I'm looking for the most concise way to deal with focus in an application which renders a map in a canvas component. You can pan the map location using arrow keys or ASWD keys. So far, I've been giving the canvas focus at startup and handling key pressed events via canvas.setOnKeyPressed().
This works fine, but I've always known that a problem was on the horizon when other components enter the picture. Once you interact with another component, it gains focus, and you're unable to scroll around the canvas map. I can prevent this from happening with some components like Hyperlinks or Buttons (I don't need tab-navigation) with something like this for those components:
sidePanel.getChildren().forEach(node -> node.setFocusTraversable(false));
But, when we get to things like TextArea or TextField, those do need to hold focus while they're being edited. And I'll need some way to return focus back (or at least unfocus those components) without being an annoyance to the user. (I don't want to have to click the canvas for it to regain focus.)
The options I see for returning focus back to the canvas after the user is done with those fields seem to be:
Add a key handler (ex. ESC or ENTER keypress) on EACH of these components which returns focus back to the canvas.

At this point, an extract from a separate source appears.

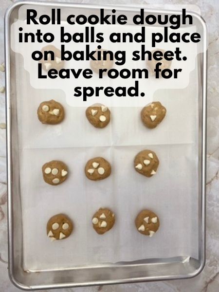 7. Scoop the Dough: Use a cookie scoop or spoon to drop rounded tablespoons of dough onto the prepared baking sheet, spacing them about 2 inches apart. If you like, you can press in some extra white chocolate chips to the outside of your dough balls before bakin.

- Maybe not so concise, and a bit of a pain... also feels a bit fragile; if I miss something and the canvas loses focus, it would fail - I need a 100% reliable solution.
Extend each of these components and add similar code to return focus back to Canvas
- Even nastier and requires using custom components in Scene Builder, which is not ideal.
Add a global event handler on the Scene and transmit events to the controller which owns the canvas
- I believe an event filter would accomplish this - but on the other hand if the user is simply using arrow keys to move around a TextArea, I wouldn't want the Canvas map to move!
- To solve the above problem, possibly the global event handler could ignore ASWD and arrow keypresses if the focus is on certain types of components? Is this worth trying, or am I neglecting a problem this would create?
Are there any other simple options out there that I've missed - and what would you suggest as the best option here? I'd like an automatic solution that doesn't require remembering to add some workaround code every time a UI component is added.